Records for this exercise:
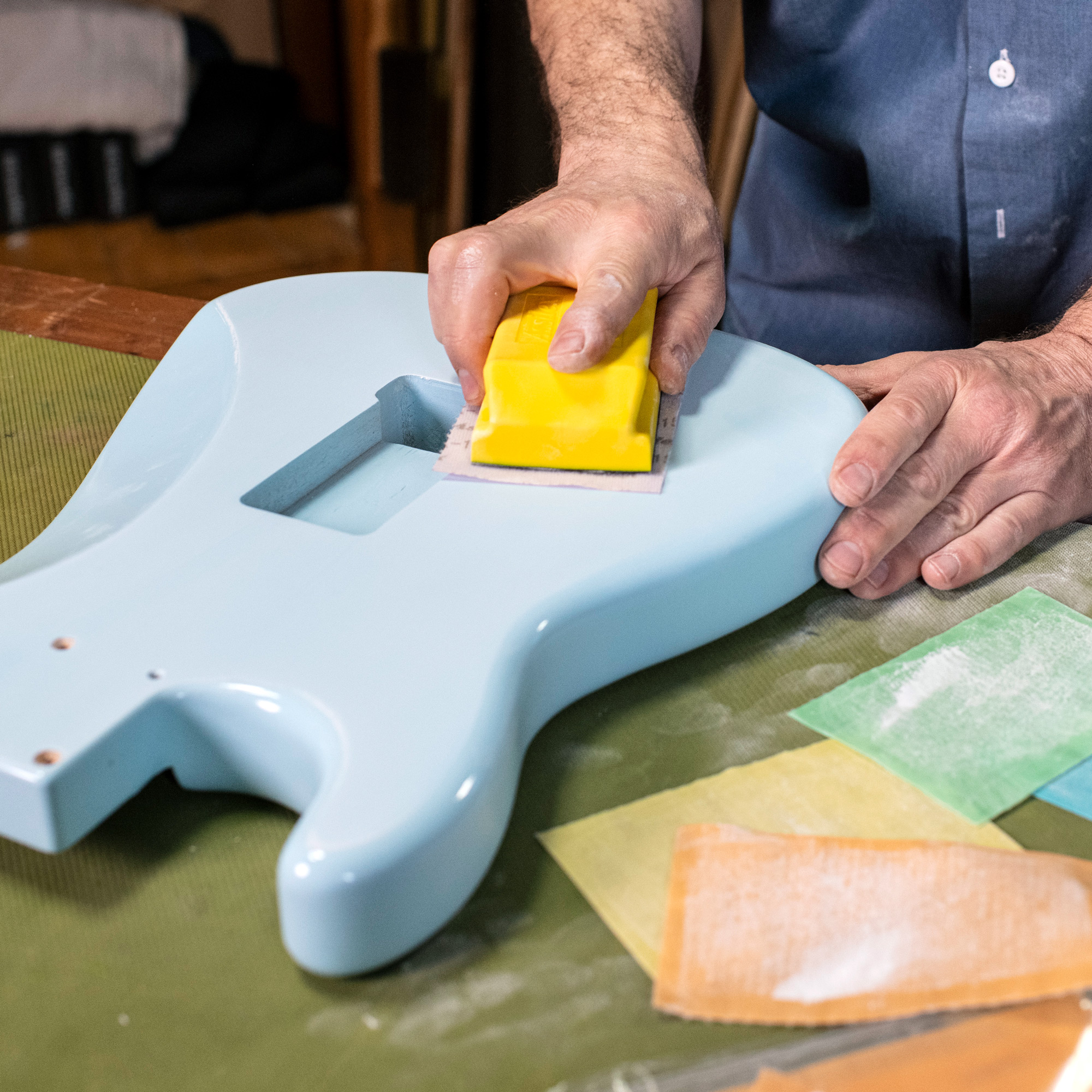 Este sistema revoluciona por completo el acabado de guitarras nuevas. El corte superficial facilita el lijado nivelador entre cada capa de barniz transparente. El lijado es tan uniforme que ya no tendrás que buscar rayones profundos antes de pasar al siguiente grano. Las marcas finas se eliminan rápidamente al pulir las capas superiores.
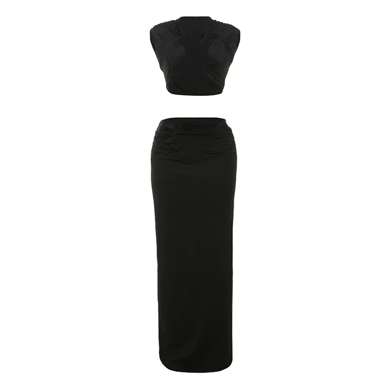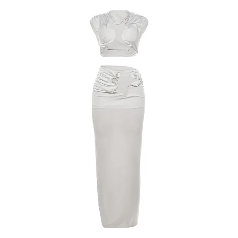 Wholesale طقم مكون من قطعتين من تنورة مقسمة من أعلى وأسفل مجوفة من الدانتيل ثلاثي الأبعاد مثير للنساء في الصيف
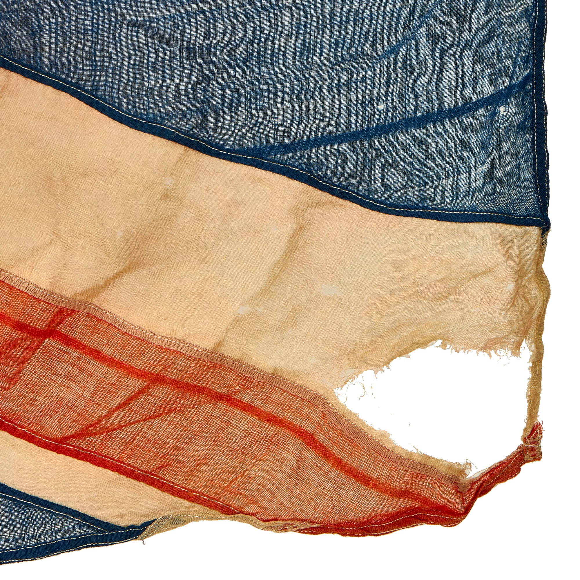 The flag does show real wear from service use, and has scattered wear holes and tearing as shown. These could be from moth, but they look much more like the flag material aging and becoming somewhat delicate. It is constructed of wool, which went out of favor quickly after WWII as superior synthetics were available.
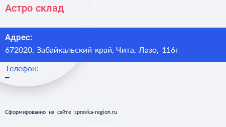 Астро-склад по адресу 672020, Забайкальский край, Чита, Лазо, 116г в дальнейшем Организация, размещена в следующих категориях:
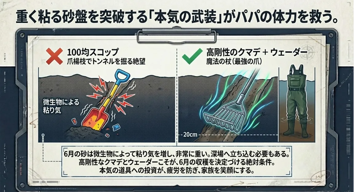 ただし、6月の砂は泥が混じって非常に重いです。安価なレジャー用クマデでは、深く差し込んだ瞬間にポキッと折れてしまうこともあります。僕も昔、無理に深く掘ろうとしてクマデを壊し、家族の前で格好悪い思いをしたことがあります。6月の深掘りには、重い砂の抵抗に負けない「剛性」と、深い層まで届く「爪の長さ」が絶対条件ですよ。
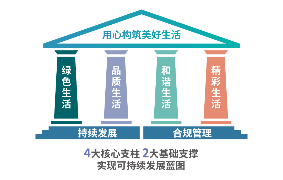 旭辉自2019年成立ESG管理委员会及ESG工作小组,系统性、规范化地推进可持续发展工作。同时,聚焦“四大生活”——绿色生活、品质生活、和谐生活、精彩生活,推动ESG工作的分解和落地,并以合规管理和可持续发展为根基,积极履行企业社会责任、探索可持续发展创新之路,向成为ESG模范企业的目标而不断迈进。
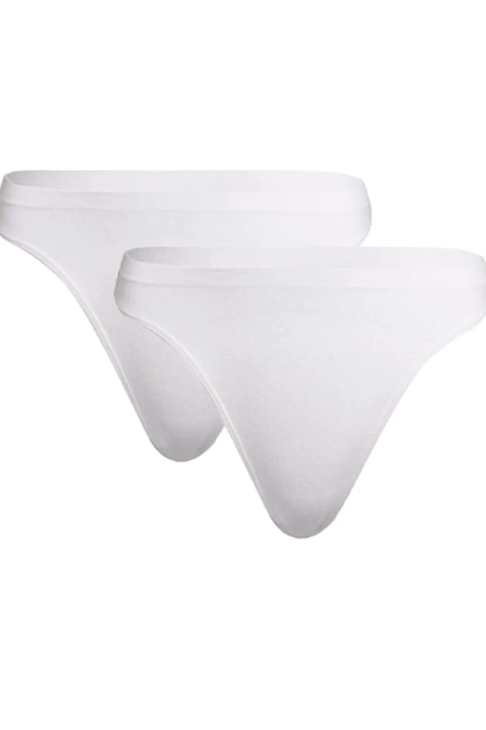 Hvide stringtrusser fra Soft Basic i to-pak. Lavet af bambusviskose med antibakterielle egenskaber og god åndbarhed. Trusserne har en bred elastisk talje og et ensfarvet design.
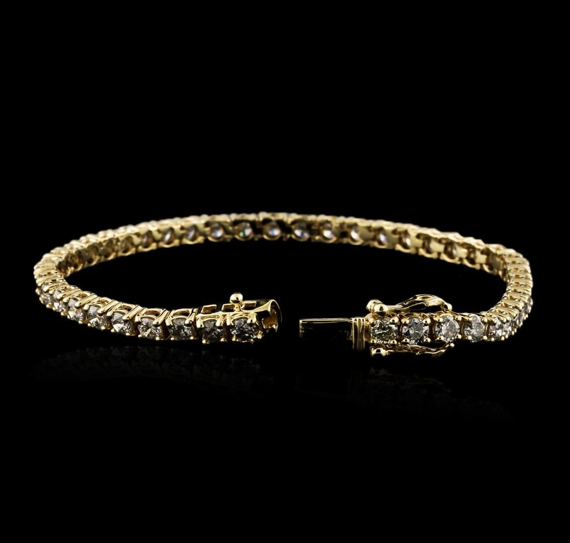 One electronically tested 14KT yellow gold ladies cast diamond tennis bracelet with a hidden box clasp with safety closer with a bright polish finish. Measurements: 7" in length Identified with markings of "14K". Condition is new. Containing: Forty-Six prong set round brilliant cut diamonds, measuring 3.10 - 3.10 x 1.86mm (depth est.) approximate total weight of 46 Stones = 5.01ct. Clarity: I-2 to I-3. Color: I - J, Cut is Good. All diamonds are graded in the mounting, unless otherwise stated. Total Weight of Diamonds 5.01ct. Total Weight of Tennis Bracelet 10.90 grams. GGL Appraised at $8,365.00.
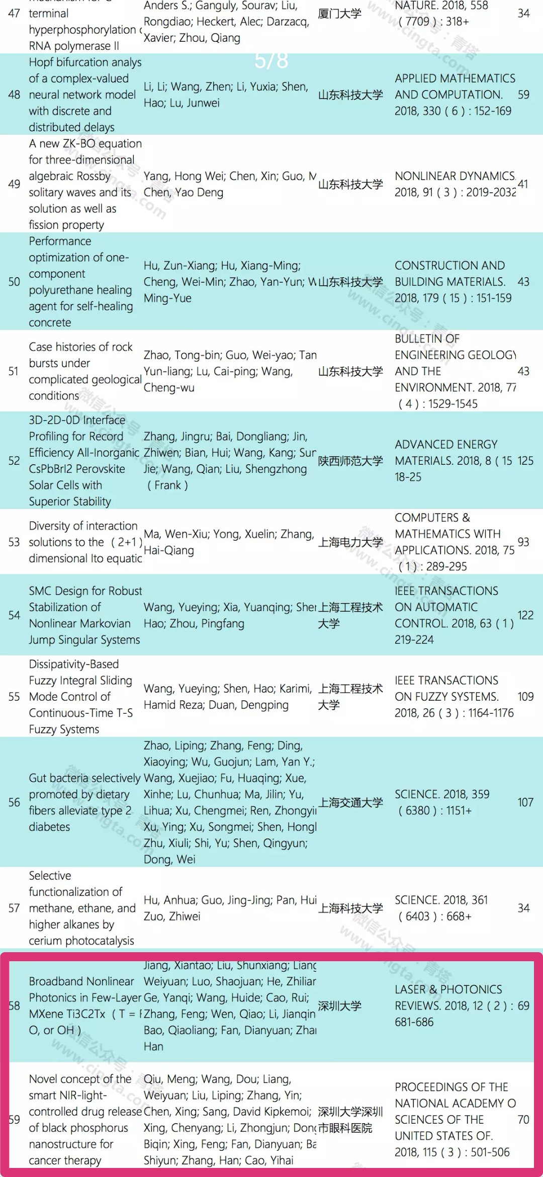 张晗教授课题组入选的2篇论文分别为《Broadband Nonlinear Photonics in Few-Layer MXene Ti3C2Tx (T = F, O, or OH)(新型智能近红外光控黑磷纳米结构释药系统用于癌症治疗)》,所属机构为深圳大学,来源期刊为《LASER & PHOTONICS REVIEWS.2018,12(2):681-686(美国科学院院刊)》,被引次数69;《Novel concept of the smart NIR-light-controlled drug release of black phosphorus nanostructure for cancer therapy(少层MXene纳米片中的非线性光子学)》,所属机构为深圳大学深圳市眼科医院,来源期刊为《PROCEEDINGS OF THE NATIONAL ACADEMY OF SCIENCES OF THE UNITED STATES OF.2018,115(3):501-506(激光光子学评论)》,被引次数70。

Work order: The full listing must come back exactly as written, with its pictures left out.

Task response:
 Este sistema revoluciona por completo el acabado de guitarras nuevas. El corte superficial facilita el lijado nivelador entre cada capa de barniz transparente. El lijado es tan uniforme que ya no tendrás que buscar rayones profundos antes de pasar al siguiente grano. Las marcas finas se eliminan rápidamente al pulir las capas superiores.
 Wholesale طقم مكون من قطعتين من تنورة مقسمة من أعلى وأسفل مجوفة من الدانتيل ثلاثي الأبعاد مثير للنساء في الصيف
 The flag does show real wear from service use, and has scattered wear holes and tearing as shown. These could be from moth, but they look much more like the flag material aging and becoming somewhat delicate. It is constructed of wool, which went out of favor quickly after WWII as superior synthetics were available.
 Астро-склад по адресу 672020, Забайкальский край, Чита, Лазо, 116г в дальнейшем Организация, размещена в следующих категориях:
 ただし、6月の砂は泥が混じって非常に重いです。安価なレジャー用クマデでは、深く差し込んだ瞬間にポキッと折れてしまうこともあります。僕も昔、無理に深く掘ろうとしてクマデを壊し、家族の前で格好悪い思いをしたことがあります。6月の深掘りには、重い砂の抵抗に負けない「剛性」と、深い層まで届く「爪の長さ」が絶対条件ですよ。
 旭辉自2019年成立ESG管理委员会及ESG工作小组,系统性、规范化地推进可持续发展工作。同时,聚焦“四大生活”——绿色生活、品质生活、和谐生活、精彩生活,推动ESG工作的分解和落地,并以合规管理和可持续发展为根基,积极履行企业社会责任、探索可持续发展创新之路,向成为ESG模范企业的目标而不断迈进。
 Hvide stringtrusser fra Soft Basic i to-pak. Lavet af bambusviskose med antibakterielle egenskaber og god åndbarhed. Trusserne har en bred elastisk talje og et ensfarvet design.
 One electronically tested 14KT yellow gold ladies cast diamond tennis bracelet with a hidden box clasp with safety closer with a bright polish finish. Measurements: 7" in length Identified with markings of "14K". Condition is new. Containing: Forty-Six prong set round brilliant cut diamonds, measuring 3.10 - 3.10 x 1.86mm (depth est.) approximate total weight of 46 Stones = 5.01ct. Clarity: I-2 to I-3. Color: I - J, Cut is Good. All diamonds are graded in the mounting, unless otherwise stated. Total Weight of Diamonds 5.01ct. Total Weight of Tennis Bracelet 10.90 grams. GGL Appraised at $8,365.00.
 张晗教授课题组入选的2篇论文分别为《Broadband Nonlinear Photonics in Few-Layer MXene Ti3C2Tx (T = F, O, or OH)(新型智能近红外光控黑磷纳米结构释药系统用于癌症治疗)》,所属机构为深圳大学,来源期刊为《LASER & PHOTONICS REVIEWS.2018,12(2):681-686(美国科学院院刊)》,被引次数69;《Novel concept of the smart NIR-light-controlled drug release of black phosphorus nanostructure for cancer therapy(少层MXene纳米片中的非线性光子学)》,所属机构为深圳大学深圳市眼科医院,来源期刊为《PROCEEDINGS OF THE NATIONAL ACADEMY OF SCIENCES OF THE UNITED STATES OF.2018,115(3):501-506(激光光子学评论)》,被引次数70。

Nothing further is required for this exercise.